Sardine in Islington, the Southern French restaurant from head chef Alex Jackson, is shaking up its weekend brunch offering as it announces the launch of a new menu this June.
From the chef who introduced London’s first and only Breakfast Cassoulet, which will remain firmly on the menu, Alex Jackson has gone on to create a series of unique new brunch dishes, perfect for summer and inspired by Provence.
Available from Saturday 16 June, the menu will offer a combination of sweet and savoury breakfast dishes as well as all-day dining plates, available on both Saturdays and Sundays from 10am-3pm.

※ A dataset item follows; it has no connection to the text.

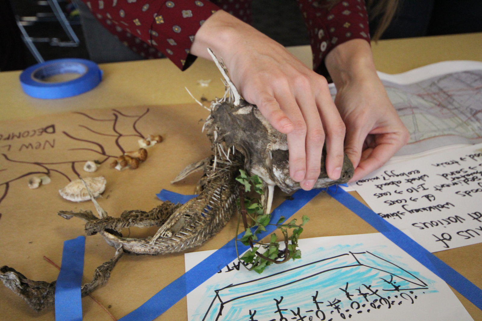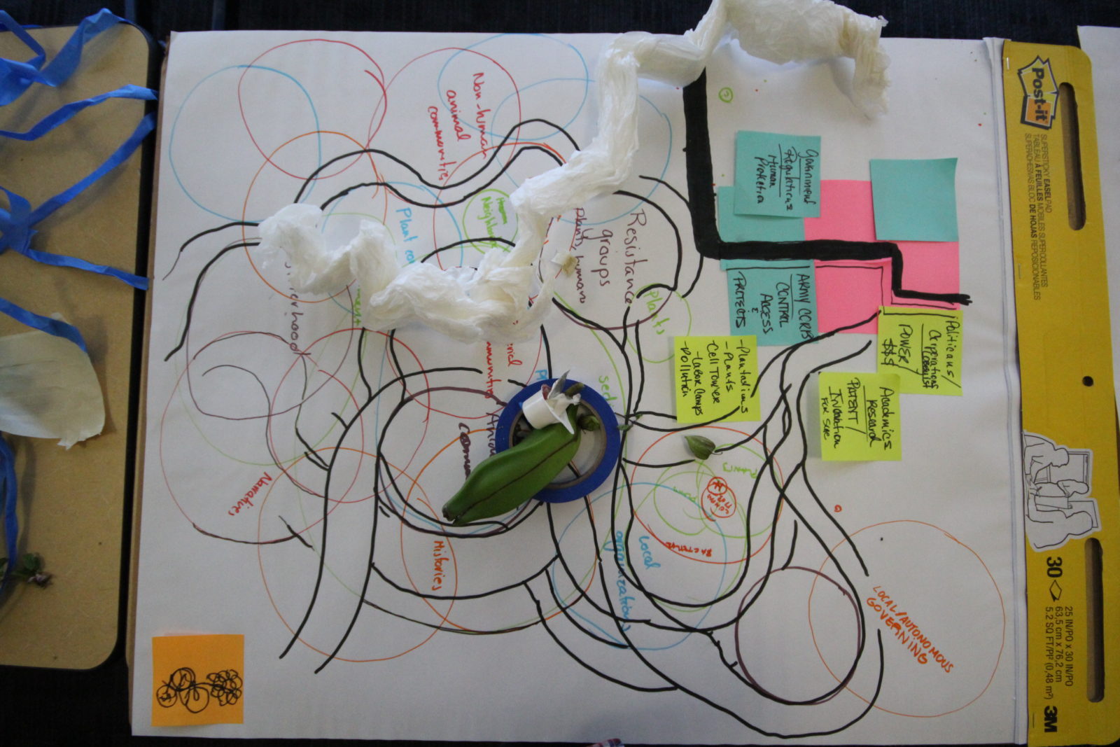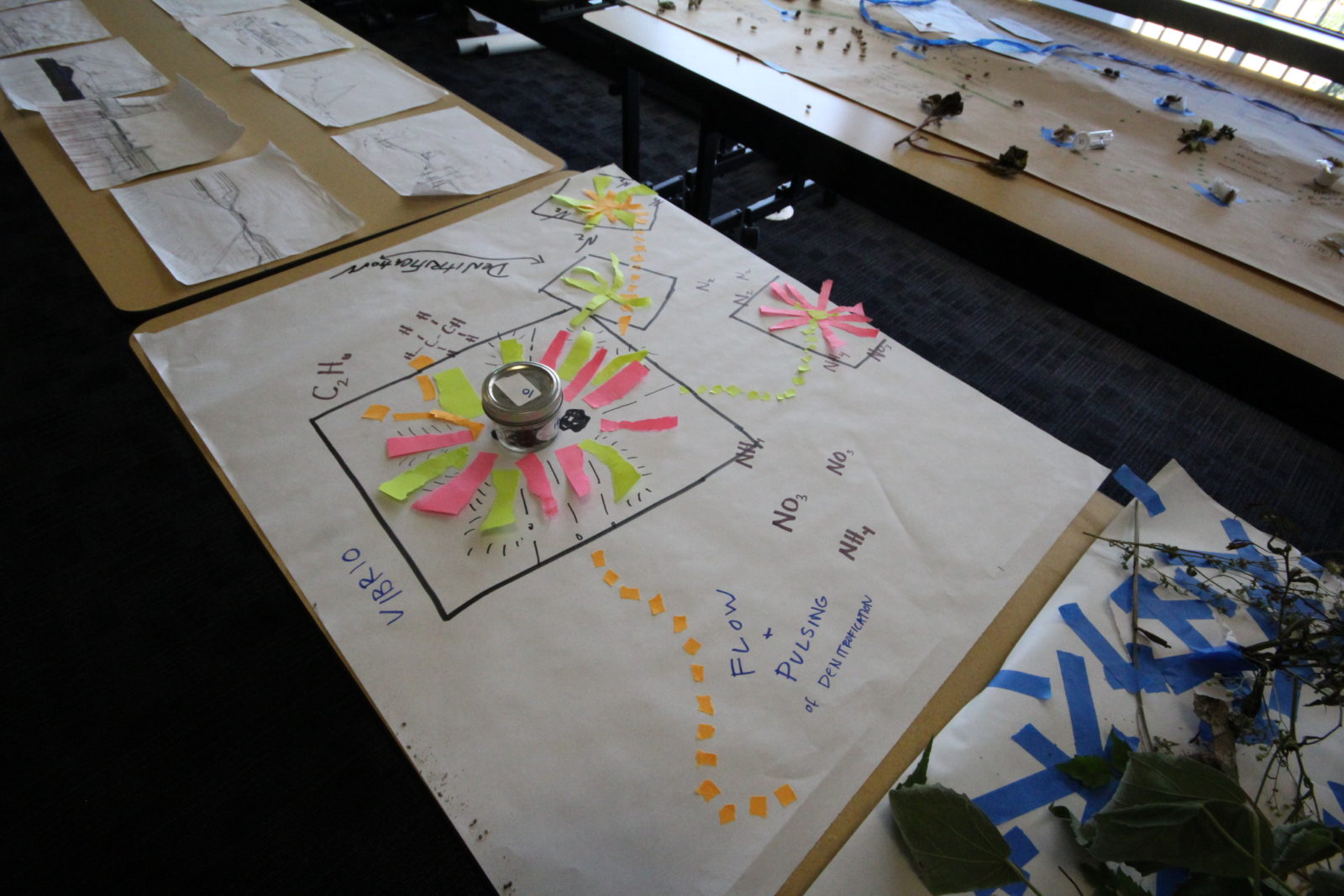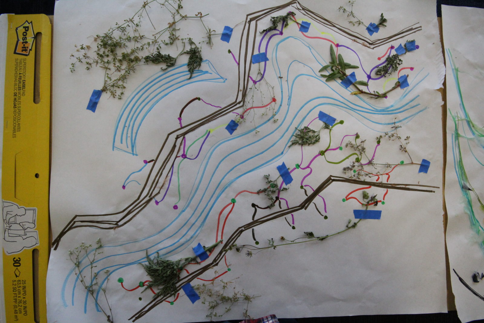 In the first activity, all participants array drawings, artifacts, biological samples, and other materials from Days 1 and 2 on giant piece of paper to articulate relationships between different phenomena, scales, and systems.

Breakfast highlights include Pain d'Epices French toast, Strawberries & Chantilly, Fried eggs & Morteau Sausage as well as Salt Cod Brandade, Soft Boiled Egg & Toast. A section for oysters will take pride and place, served raw with hot merguez sausage or baked with pastis and breadcrumbs.
Simple, ingredient-led dishes from the main menu will also be available including an exemplary Salade Niçoise, an indulgent Fried Comté Sandwich, handmade Spaghetti alla Chitarra with Tomato & Bottarga; Buffalo Mozzarella, Peaches & Ham, and Onglet Steak, Frites & Herb Butter.
A drinks menu featuring their house favourite cocktails will be available alongside the brunch menu, including Sardine’s signature Absinthe-spiked Bloody Marie and all-new Cherry Royale, made from cherries poached in Pastis, with Vouvray Sparkling Wine. To tie in with the launch this weekend, their Absinthe-spiked Bloody Marie will be available for £5 for those celebrating at the restaurant this Father’s Day.
Sardine opened to critical acclaim in 2016. Headed up by Alex Jackson, former head chef of Stevie Parle’s Rotorino and The Dock Kitchen, Alex opened Sardine with the support of Stevie and his team, having developed a passion for Provençal cuisine whilst also taking inspiration from other parts of the Mediterranean coastline.